▸ TASK TO COMPLETE:
Everything below from the line with "Bomber in pelle" through the line with "Notes: Good line" must be retyped exactly, except the pictures.

▸ STUDY MATERIAL:
----

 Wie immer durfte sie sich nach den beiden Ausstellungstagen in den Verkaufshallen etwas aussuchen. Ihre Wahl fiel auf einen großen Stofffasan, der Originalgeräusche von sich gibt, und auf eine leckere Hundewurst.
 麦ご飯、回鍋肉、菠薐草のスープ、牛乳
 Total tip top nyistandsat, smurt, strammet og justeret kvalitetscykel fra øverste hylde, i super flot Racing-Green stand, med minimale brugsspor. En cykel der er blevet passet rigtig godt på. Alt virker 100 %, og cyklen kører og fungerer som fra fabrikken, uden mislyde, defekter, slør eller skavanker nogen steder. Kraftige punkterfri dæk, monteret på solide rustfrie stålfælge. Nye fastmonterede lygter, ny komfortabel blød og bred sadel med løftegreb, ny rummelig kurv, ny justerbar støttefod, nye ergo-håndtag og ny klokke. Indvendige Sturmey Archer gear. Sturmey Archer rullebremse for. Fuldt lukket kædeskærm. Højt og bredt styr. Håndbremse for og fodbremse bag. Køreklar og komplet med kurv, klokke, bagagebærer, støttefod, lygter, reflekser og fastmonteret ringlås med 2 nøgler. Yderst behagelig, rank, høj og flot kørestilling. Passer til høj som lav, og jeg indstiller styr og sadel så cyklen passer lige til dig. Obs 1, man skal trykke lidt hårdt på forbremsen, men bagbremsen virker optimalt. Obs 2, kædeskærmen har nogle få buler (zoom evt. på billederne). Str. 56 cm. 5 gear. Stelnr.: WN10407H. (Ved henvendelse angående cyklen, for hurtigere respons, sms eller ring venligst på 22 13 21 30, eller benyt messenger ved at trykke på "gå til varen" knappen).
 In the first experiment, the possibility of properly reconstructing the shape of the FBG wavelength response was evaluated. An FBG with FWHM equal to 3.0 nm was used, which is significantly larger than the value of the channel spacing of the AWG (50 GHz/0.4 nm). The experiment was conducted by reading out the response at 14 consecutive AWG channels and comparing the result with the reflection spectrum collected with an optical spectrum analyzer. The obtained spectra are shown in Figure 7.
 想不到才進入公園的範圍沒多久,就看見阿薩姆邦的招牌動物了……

----

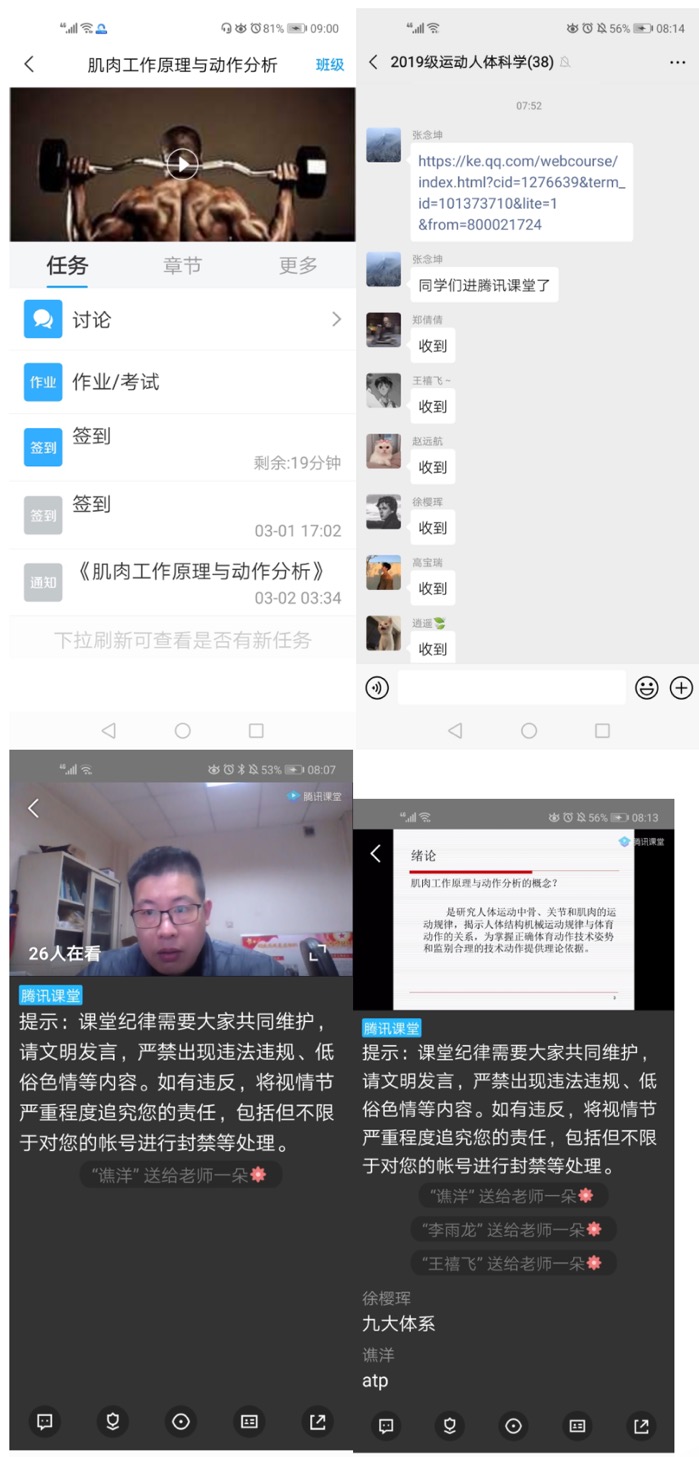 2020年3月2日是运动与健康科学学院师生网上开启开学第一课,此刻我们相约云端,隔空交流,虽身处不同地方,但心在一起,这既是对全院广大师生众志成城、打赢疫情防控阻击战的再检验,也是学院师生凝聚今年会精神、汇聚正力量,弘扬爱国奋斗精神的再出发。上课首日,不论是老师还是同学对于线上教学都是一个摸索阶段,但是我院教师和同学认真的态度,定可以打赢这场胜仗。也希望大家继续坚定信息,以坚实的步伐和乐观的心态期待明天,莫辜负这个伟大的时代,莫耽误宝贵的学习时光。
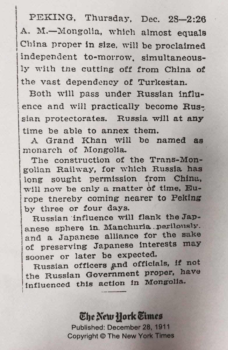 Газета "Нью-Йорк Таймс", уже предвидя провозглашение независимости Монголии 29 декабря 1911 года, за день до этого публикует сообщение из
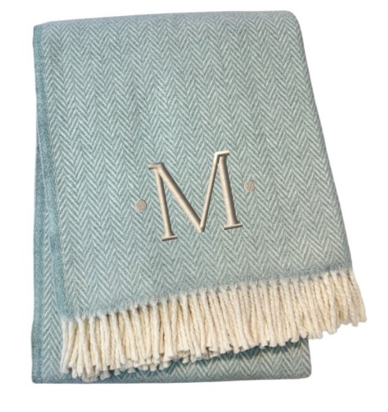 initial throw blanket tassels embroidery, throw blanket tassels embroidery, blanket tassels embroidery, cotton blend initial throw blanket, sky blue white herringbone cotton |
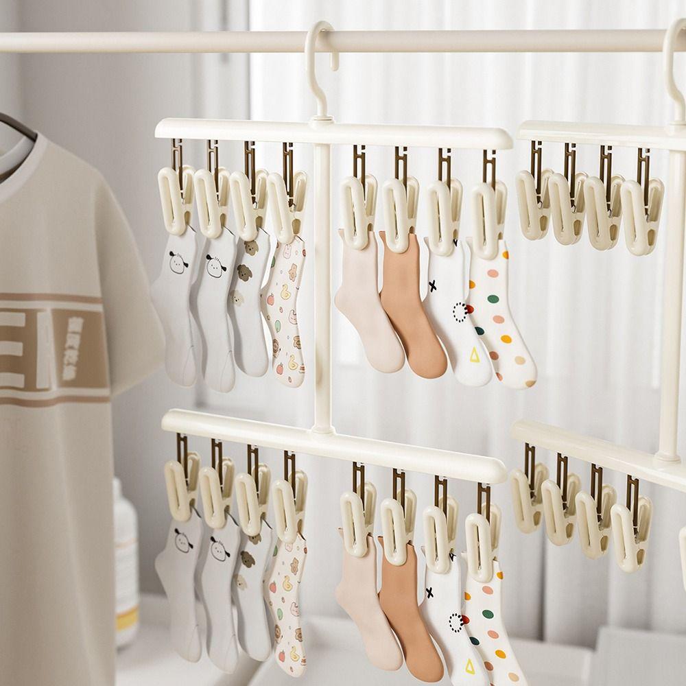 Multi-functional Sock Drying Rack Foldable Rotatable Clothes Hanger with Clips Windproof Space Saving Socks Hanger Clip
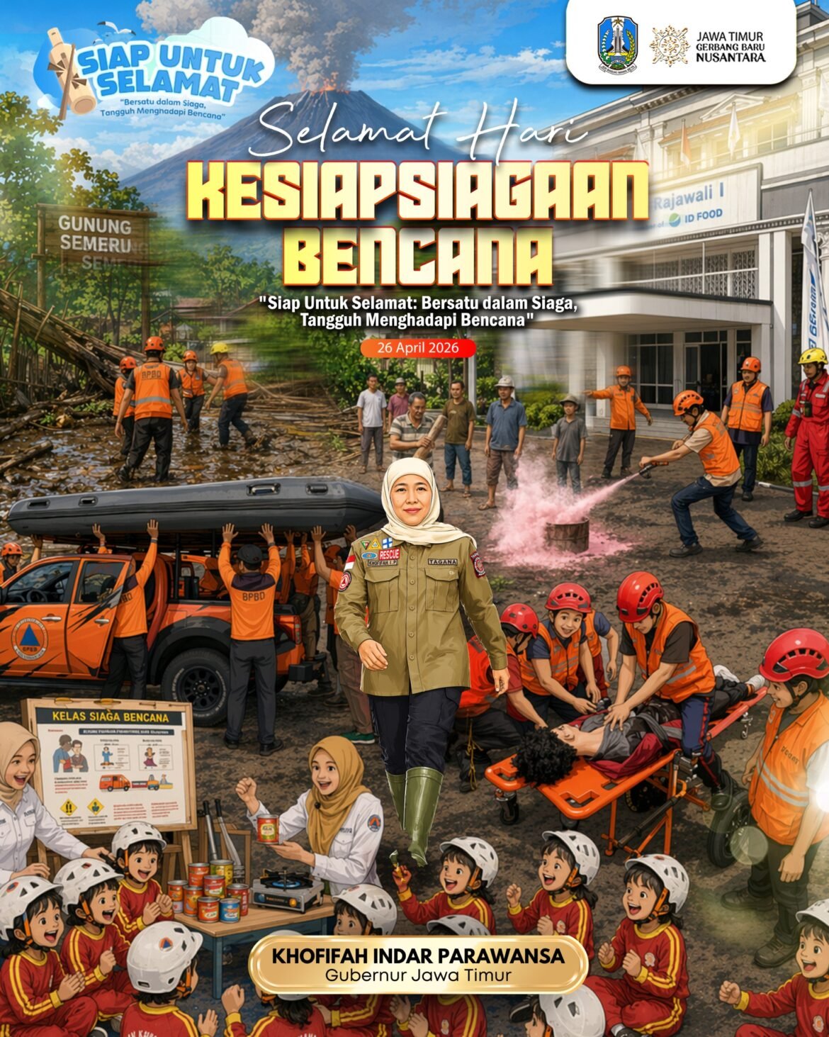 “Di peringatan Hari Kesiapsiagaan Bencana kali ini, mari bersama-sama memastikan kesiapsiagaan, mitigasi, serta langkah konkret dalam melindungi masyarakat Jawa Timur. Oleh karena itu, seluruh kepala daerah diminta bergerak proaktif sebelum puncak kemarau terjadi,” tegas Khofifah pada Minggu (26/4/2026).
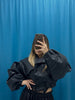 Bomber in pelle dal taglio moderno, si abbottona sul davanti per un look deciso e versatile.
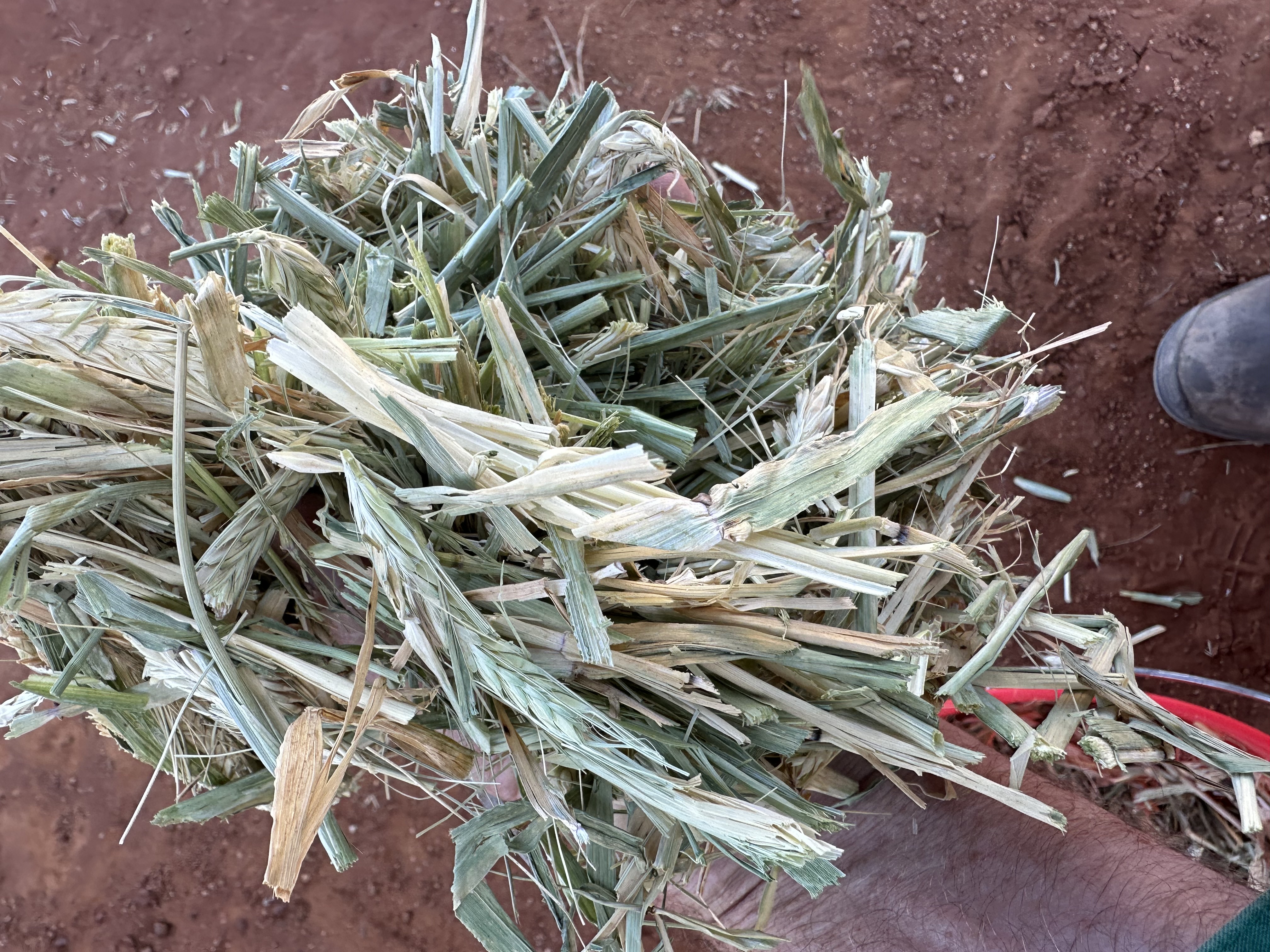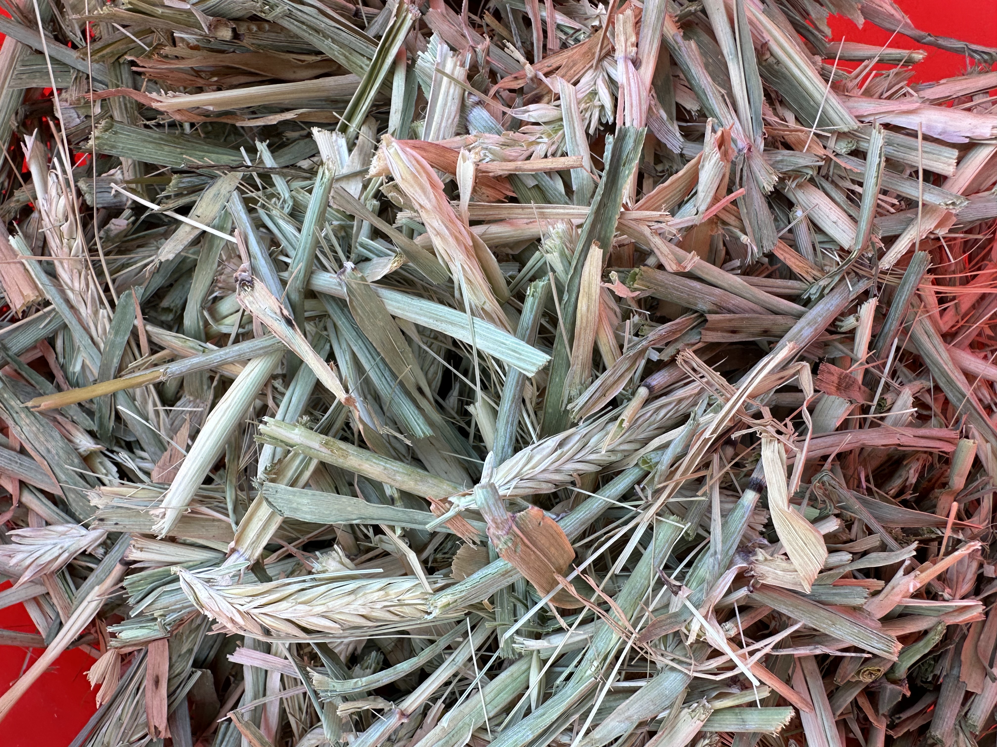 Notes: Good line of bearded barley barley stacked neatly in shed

----

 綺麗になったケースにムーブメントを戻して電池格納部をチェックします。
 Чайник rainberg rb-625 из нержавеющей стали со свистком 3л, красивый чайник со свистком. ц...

----

▸ THE COMPLETED TASK:
 Bomber in pelle dal taglio moderno, si abbottona sul davanti per un look deciso e versatile.
 Notes: Good line of bearded barley barley stacked neatly in shed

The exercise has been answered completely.